--- START ---
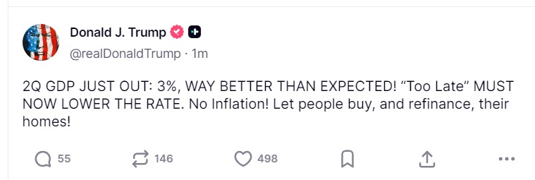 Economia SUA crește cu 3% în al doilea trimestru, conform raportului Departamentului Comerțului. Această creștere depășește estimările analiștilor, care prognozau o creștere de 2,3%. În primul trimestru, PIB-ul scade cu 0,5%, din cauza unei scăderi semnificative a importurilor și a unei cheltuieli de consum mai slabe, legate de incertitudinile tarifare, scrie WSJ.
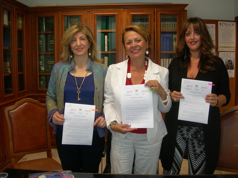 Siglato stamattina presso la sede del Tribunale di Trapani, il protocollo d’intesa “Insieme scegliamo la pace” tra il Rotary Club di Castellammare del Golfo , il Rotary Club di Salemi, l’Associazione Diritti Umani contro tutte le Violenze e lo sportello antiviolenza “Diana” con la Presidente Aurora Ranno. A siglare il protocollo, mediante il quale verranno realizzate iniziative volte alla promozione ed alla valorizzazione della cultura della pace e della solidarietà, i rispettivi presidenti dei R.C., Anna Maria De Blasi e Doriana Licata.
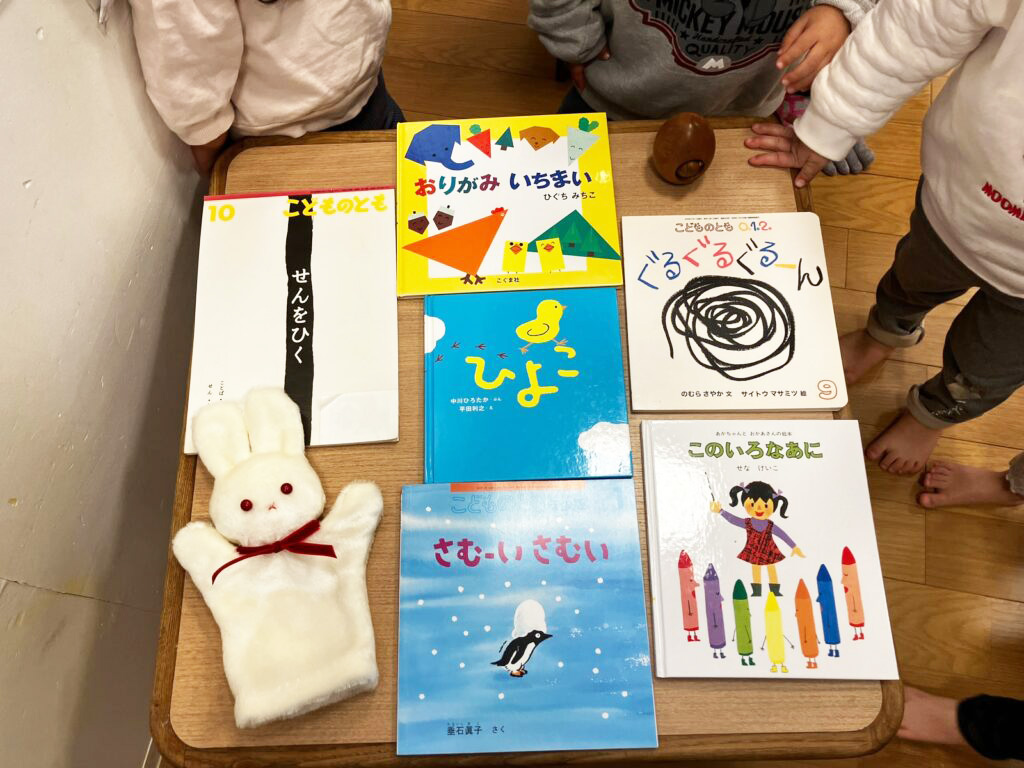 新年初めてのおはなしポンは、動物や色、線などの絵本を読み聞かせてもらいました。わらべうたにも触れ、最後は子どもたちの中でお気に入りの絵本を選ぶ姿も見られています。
--- END ---
--- START ---
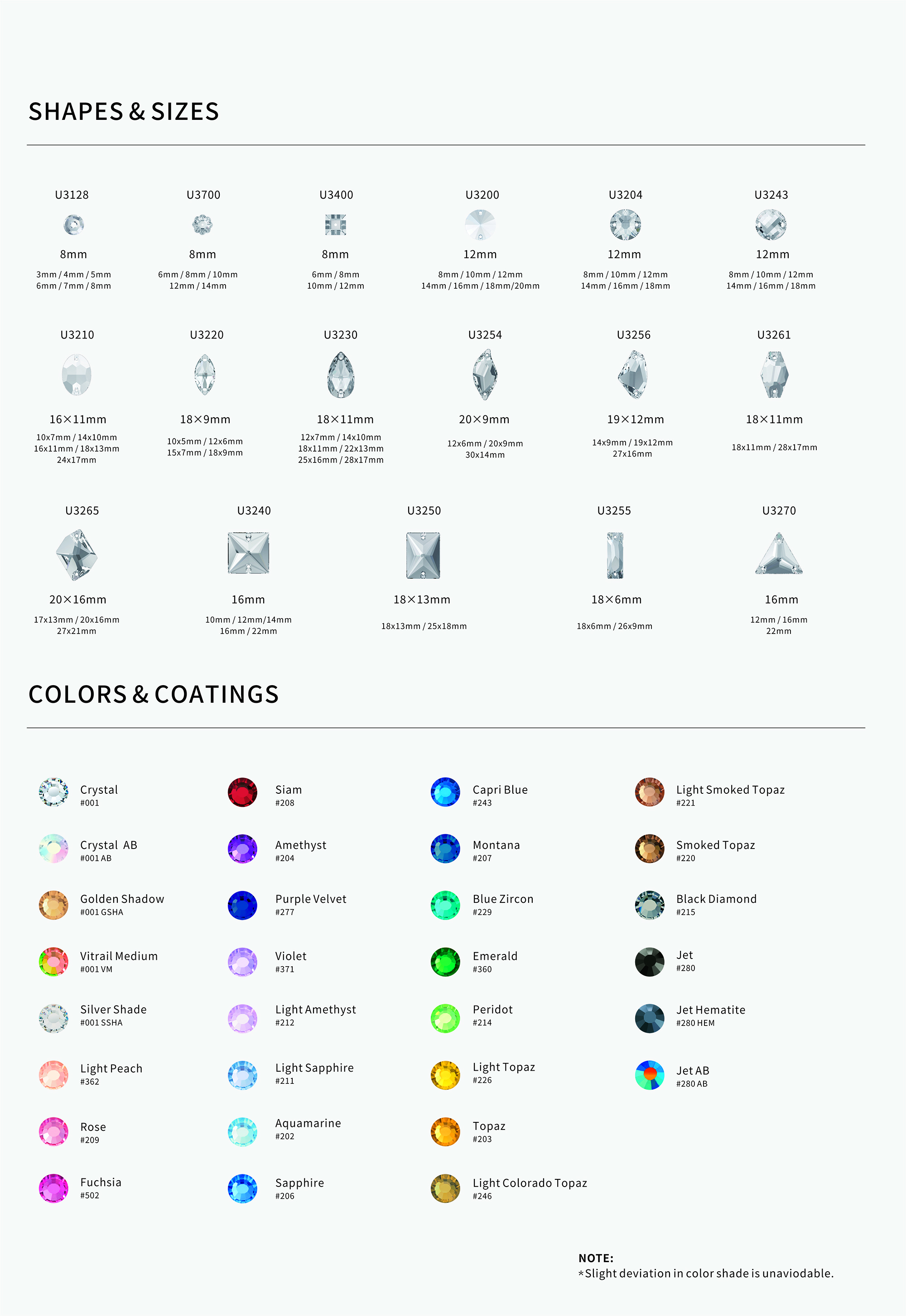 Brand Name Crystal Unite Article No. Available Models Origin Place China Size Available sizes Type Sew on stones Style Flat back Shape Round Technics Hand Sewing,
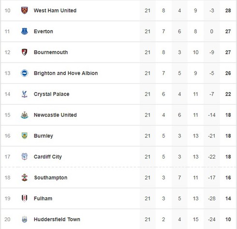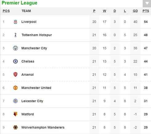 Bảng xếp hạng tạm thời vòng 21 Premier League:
--- END ---
--- START ---
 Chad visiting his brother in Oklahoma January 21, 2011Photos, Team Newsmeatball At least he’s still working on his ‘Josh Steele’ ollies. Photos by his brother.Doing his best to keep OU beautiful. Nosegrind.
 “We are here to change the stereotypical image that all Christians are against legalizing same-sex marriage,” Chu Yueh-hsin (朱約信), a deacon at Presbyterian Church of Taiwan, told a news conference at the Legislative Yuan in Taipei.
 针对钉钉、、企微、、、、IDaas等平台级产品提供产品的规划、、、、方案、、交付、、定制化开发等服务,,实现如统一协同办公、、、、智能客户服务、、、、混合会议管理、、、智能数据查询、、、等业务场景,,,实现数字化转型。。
--- END ---
**BRIEF**
The answer should consist only of the lines above from the one with "Brand Name Crystal" through the one with "Bảng xếp hạng", repeated exactly, with no pictures among them.

**EXPECTED ANSWER**
 Brand Name Crystal Unite Article No. Available Models Origin Place China Size Available sizes Type Sew on stones Style Flat back Shape Round Technics Hand Sewing,
 Bảng xếp hạng tạm thời vòng 21 Premier League:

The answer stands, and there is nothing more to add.